Qualified starters in the top group have an average ranking of 2.84 in the following year while qualified starters in the second group have an average ranking of 3.54. Qualified starters in the third through sixth as well as eighth group have an average ranking between 4.2 and 4.9 while qualified starters in the seventh group have an average ranking of 5.21. In short, as demonstrated by the second chart, there is little difference between qualified starters in the third through eighth grouping.






ERA does seem to be relevant in determining which starters are most likely to throw 100 innings in the following season. Over 70% of starters ranked in the top group remain in one of the first five groups in the following year which means that they’re still worth having in the rotation even if their performance is disappointing. That number drops to roughly 66% for starters in the second group, slightly more than 50% for starters in the third group, roughly 40% for starters in the fourth through sixth group, around 30% for the seventh group and 20% for the eighth group. This suggests that starters that do poorly in the previous year generally don’t receive an opportunity to throw 100 innings the following year if they struggle.

This becomes even clearer when looking just at pitchers that do throw 100 innings in both seasons. About 85% of #1 starters and 78% of #2 starters are in one of the first five groups. It drops to about 65% for #3 to #6 starters and #50% for #7 to #8 starters. Better pitchers have a higher success rate but only by a limited amount.




This next chart shows how pitchers in each group perform when we disregard the inning limit for the following season. As discussed above, it seems reasonable that successful pitchers are more likely to throw 100 innings then non-successful pitchers and therefore looking at starters that threw 100 innings the following season may be a mistake. This chart indicates that there’s minimal difference between a #4, #5 or #6 starter and only a small difference between these starters and starters ranked either #7 or #8.  Over a 180 inning period, the difference between the average #4 starter and the average #8 starter is 5.6 runs or about $4 million.

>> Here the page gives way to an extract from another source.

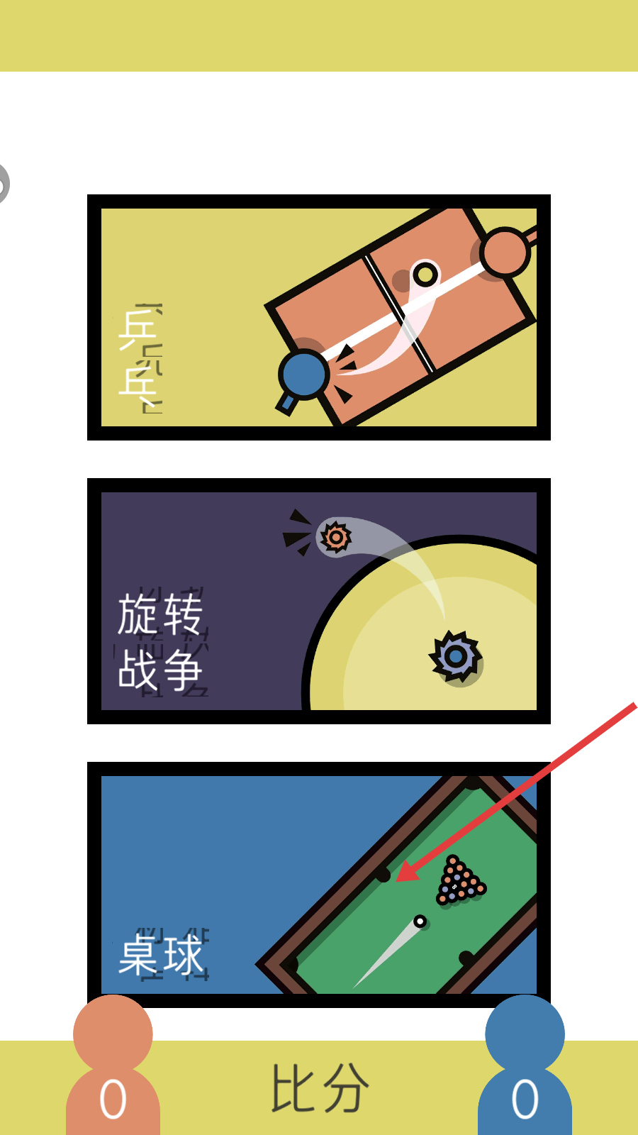 1、游戏选页中,点击【桌球】图标进入玩法,可对比【乒乓】【旋转战争】,优先体验桌球对战。

All in all, this shows that using ERA to project future performance has limited utility because only the best pitchers have better ERAs in the following year than any other pitchers. Such an analysis indicates that #1 and #2 starters should be highly valued because they’ll probably perform well for at least a year or two in the future but that there’s little difference between back-end starters. ERA is able to predict which pitchers will be more likely to throw a considerable amount of innings in future years as a starter.

This further suggests that pitcher performance is highly variable. One shouldn’t expect a pitcher with the skill level to be a #5 starter to have that performance in a given year. Indeed, that happens only about 10% of the time from 1998-2015. A #5 starter that actually throws 100 innings in a season is more likely to regress to the mean and improve in the following year. Such a starter is also just as likely to perform as well as a #2 starter as he is to perform as a #7 starter. A #1 starter performs like a #1 starter the next year only 28% of the time.  It’s very possible, and should perhaps be expected for decent starters to either have good or bad pitching performances.

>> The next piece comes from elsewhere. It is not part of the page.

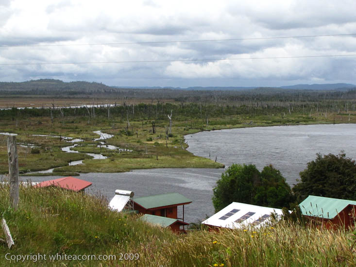 Continuing south we took a good gravel road to Chepu on the western coast. The attraction is the confluence of three rivers, and some sunken forest (an earth quake caused the ground to sink over a large area and resulted in the forest being swamped by salt water). We met a couple of Australians traveling around in a Chilean registered little pickup.

It’s worth noting that this has been the experience for the Orioles since 2012. By this metric, the Orioles have had three starter seasons ranked in groups 1, 2 or 3 and those are Hammel in 2012, Miguel Gonzalez in 2014 and Chris Tillman in 2014. All three of these pitchers had an ERA around 5 in the following season and were ranked in the seventh group.

If teams do use ERA to predict future performance, then they should pay high premiums to get elite arms. Failing that, they should look at other metrics to see whether they can find some statistics with better results.

1 comment:

Anonymous said...

Recently non-tendered folks of interest include Henderson Alvarez. Seems like he might make a good cheap addition to the rotation if he can get healthy. Whaddya' think?